Pampulha (Portuguese: Região Administrativa da Pampulha) is an administrative region in the city of Belo Horizonte, Brazil. It is one of nine administrative regions of Belo Horizonte, and occupies 47.13 km in the northeast of the city. It has a population of 350,000 and a population density of 3.08 per square kilometer. The center of the Pampulha is occupied by Lake Pampulha, an artificial lake constructed in the early 1940s by Mayor Juscelino Kubitschek, later president of Brazil from 1956 to 1961. The Pampulha administrative region is further subdivided into 29 neighborhoods (bairros), one of which is also called Pampulha.
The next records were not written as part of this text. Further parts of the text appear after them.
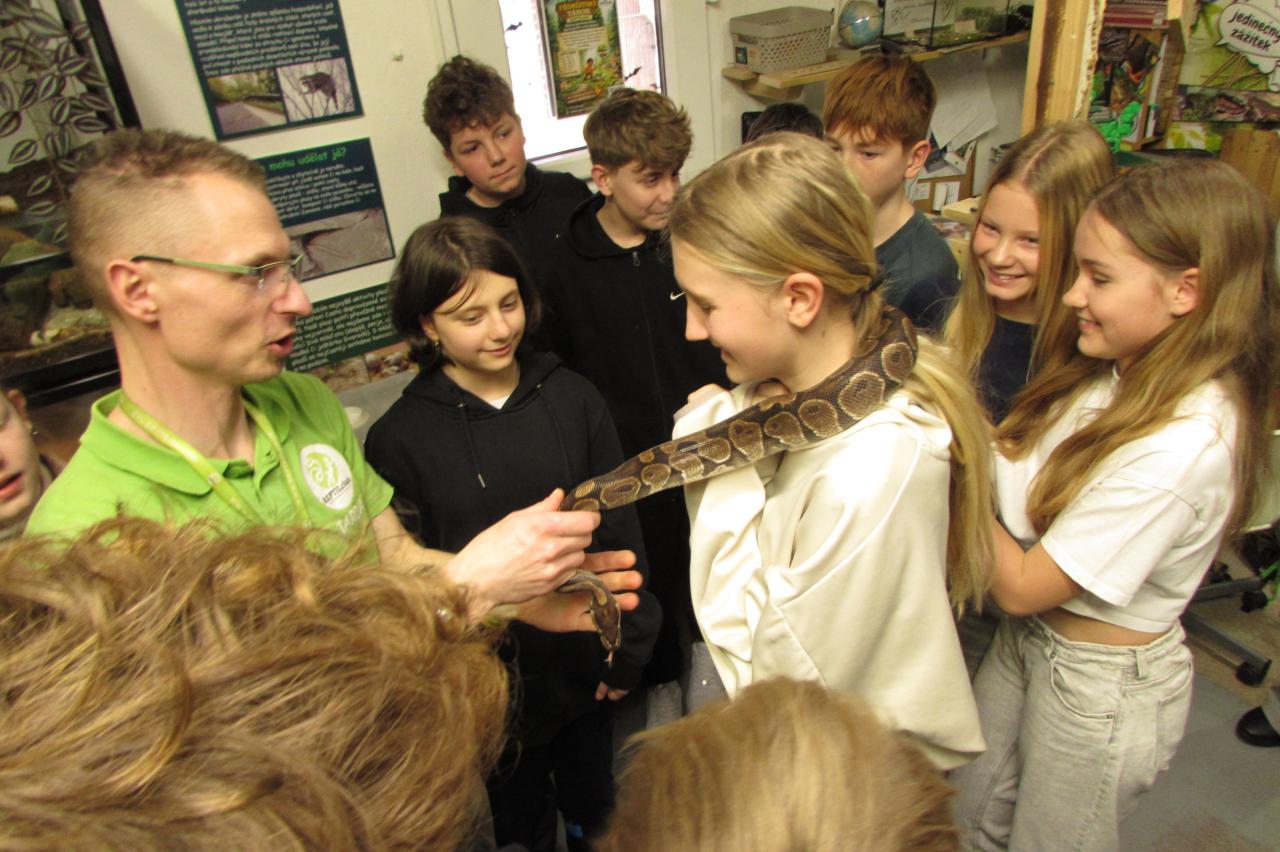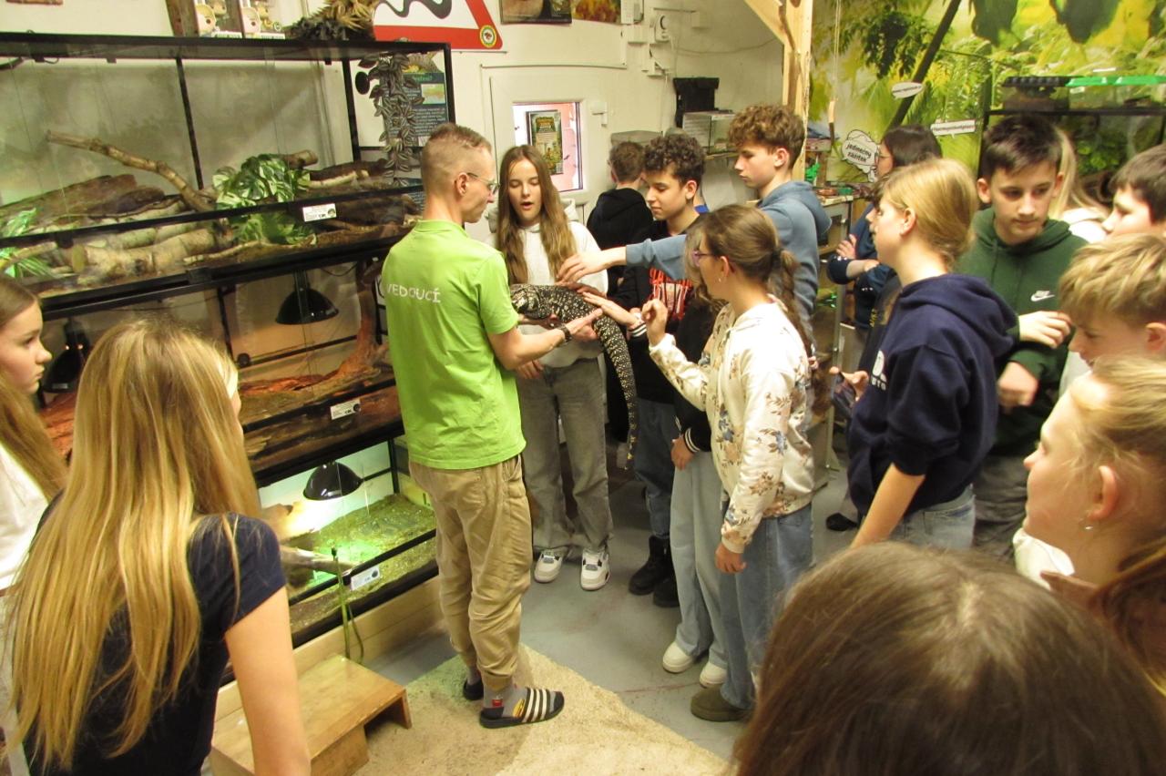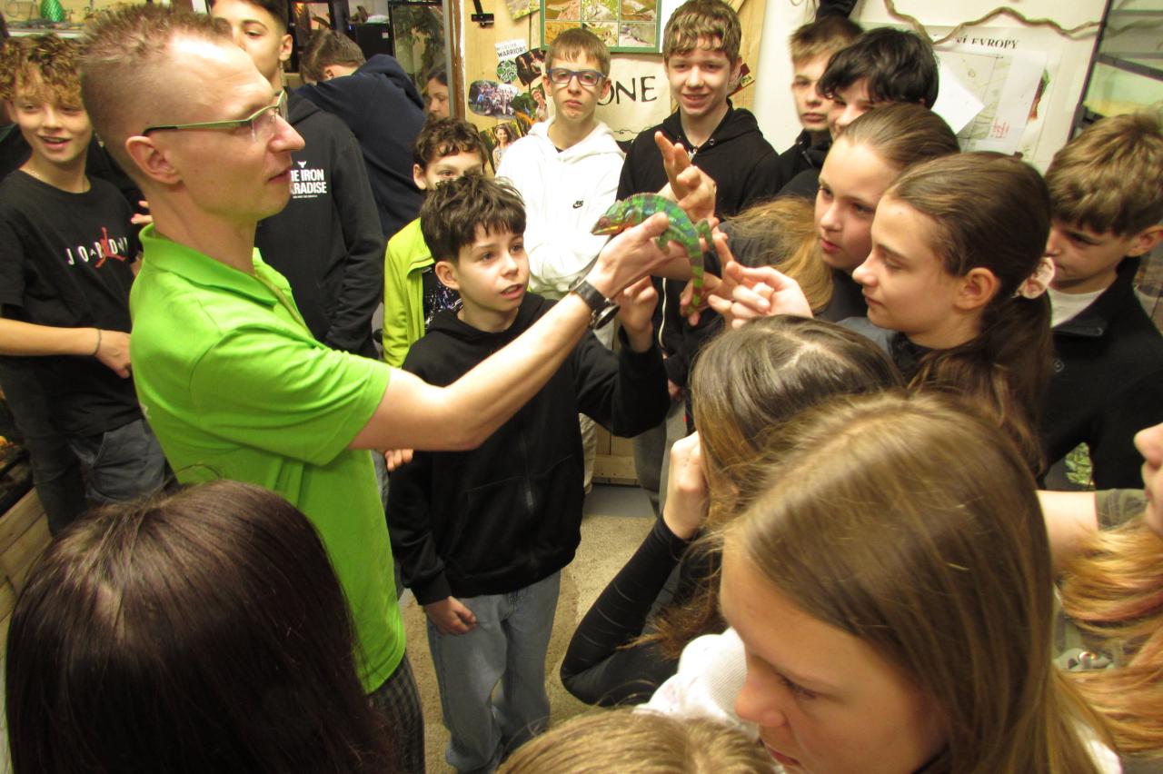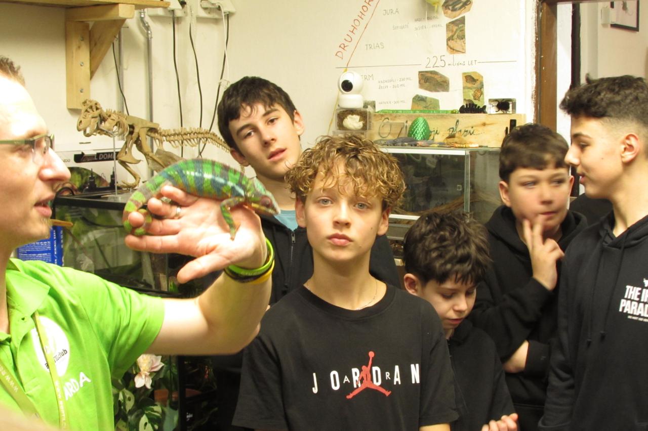 Žáci 7. ročníku vyměnili školní lavice za fascinující prostředí chovatelského oddělení SVČ Domeček v Chomutově. Cílem naší exkurze bylo blíže poznat život plazů, o kterých se často učíme jen z obrázků.
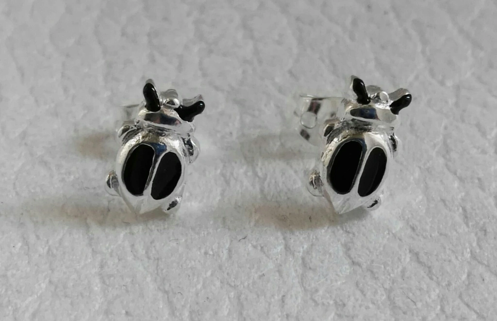 Pendientes de escarabajo de la suerte, en metal con baño de plata y esmaltados.
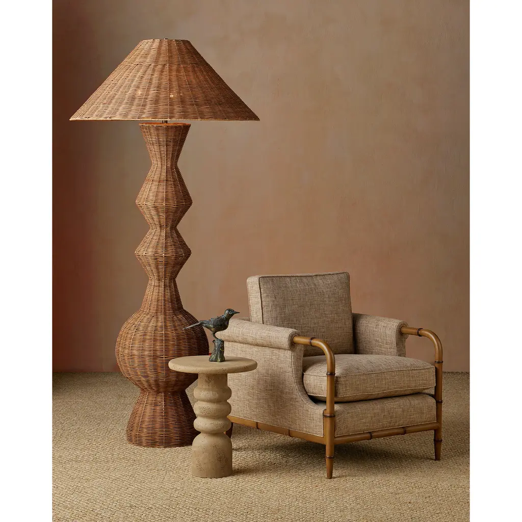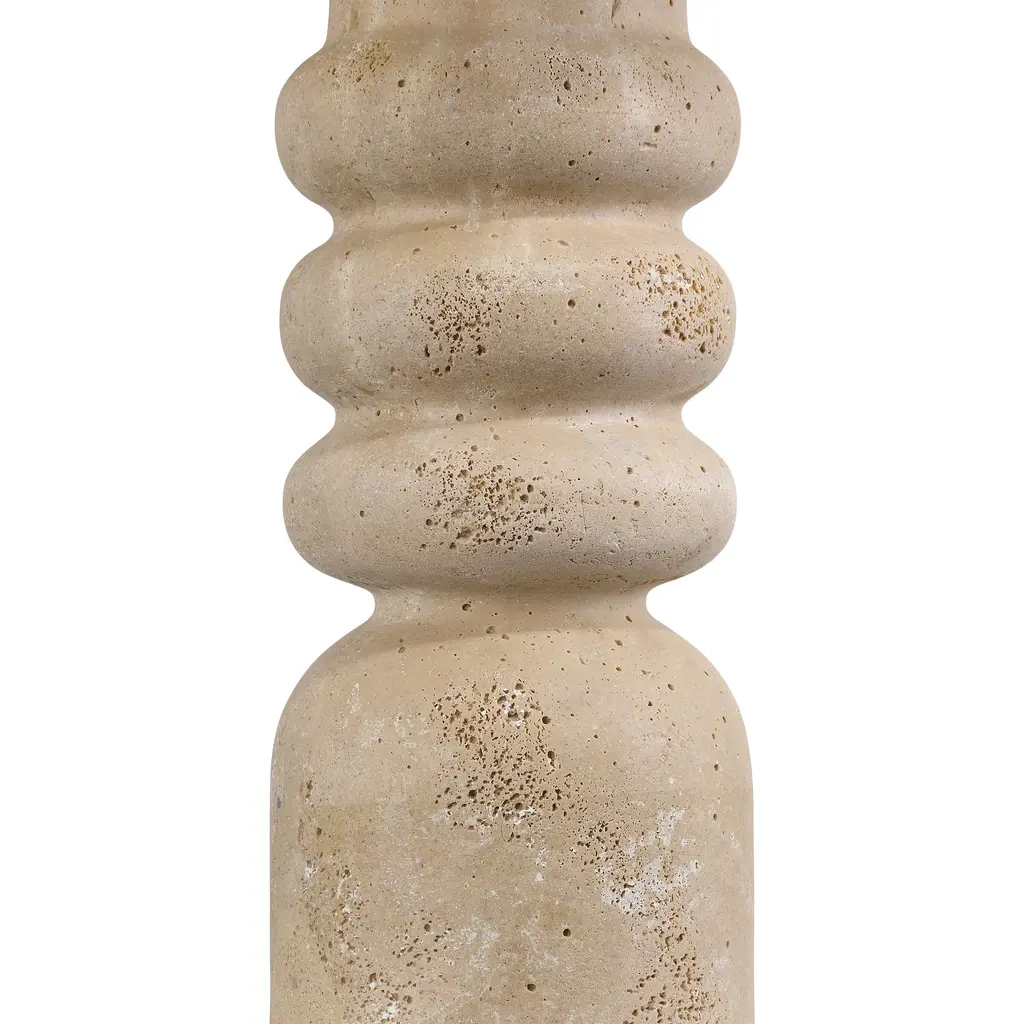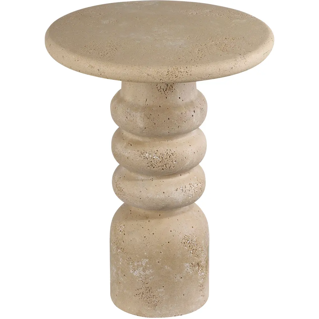 Blending timeless elegance with modern craftsmanship, the Rocco Accent Table is made of faux travertine, a carefully crafted blend of stone powder and composite that is expertly finished to mimic the warm, natural beauty of travertine. The table features a gracefully turned pedestal that supports a smooth, round top. With its refined texture and versatile tan hue, the Rollins is an ideal choice for both classic and contemporary interiors.
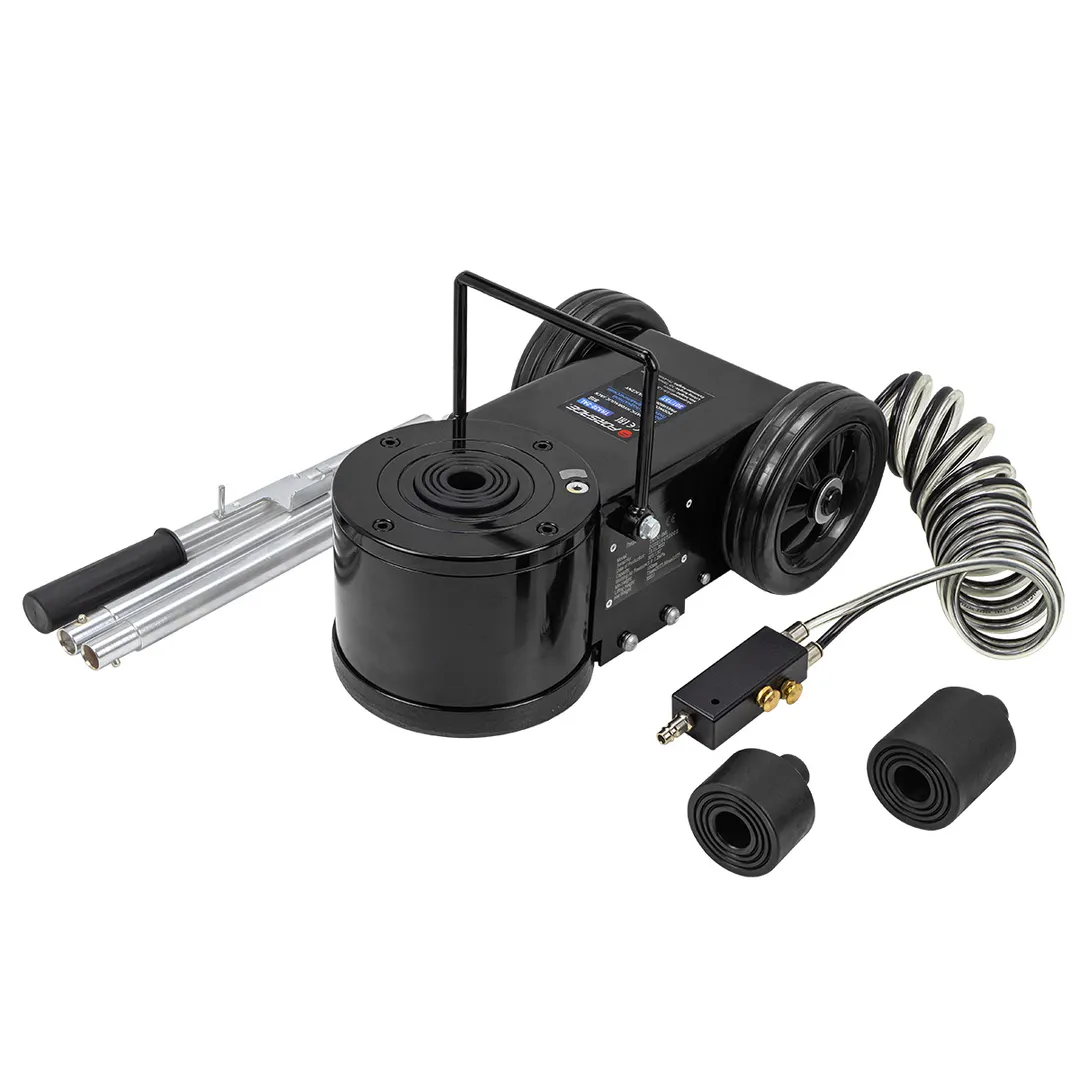 Домкрат пневмогидравлический подкатной - идеальный инструмент для проведении шиномонтажных и иных работ в автосервисах, мастерских, автобусных парках. Домкрат предназначен для подъема грузовых автомобилей, автобусов, строительной и другой крупной техники при проведении шиномонтажных и иных работ в автосервисах, мастерских, автобусных парках. Пневмогидравлический механизм подразумевает использование воздушного компрессора или другого источника сжатого воздуха для поднятия гидравлического поршня домкрата. Домкрат оснащен двухштоковым поршнем, и грузоподьемность домкрата зависит от степени поднятия штока. Ручка домкрата оборудована штуцером под быстросьем евротипа. Домкрат также оснащен сменными удлинителями длиной 45 и 75мм,что позволяет легко отрегулировать высоту в соответствии с потребностями.

Otacílio Negrão de Lima, mayor of Belo Horizonte in the early 20th century, dammed a small stream called Pampulha in 1936 for flood control and augment the city water supply through the creation of a reservoir. The resulting Lake Pampulha became the site of an urban development project by Juscelino Kubitschek. Kubitschek called on the young architect Oscar Niemeyer to create a series of buildings; Niemeyer was joined by the landscape architect Roberto Burle Marx and numerous artists to create site now considered the earliest and most important example of Modernism in Brazil.

In July 2016 the area around the lake became an UNESCO World Heritage Site known as the Pampulha Modern Ensemble (Conjunto Arquitetônico da Pampulha).

== Transport ==
Belo Horizonte/Pampulha – Carlos Drummond de Andrade Airport is in the area.

== Education ==

The Santa Amélia section formerly housed the Escola Japonesa de Belo Horizonte (ベロ・オリゾンテ日本人学校) a.k.a. Instituto Cultural Mokuyoo-Kai Sociedade Civil, a Japanese day school.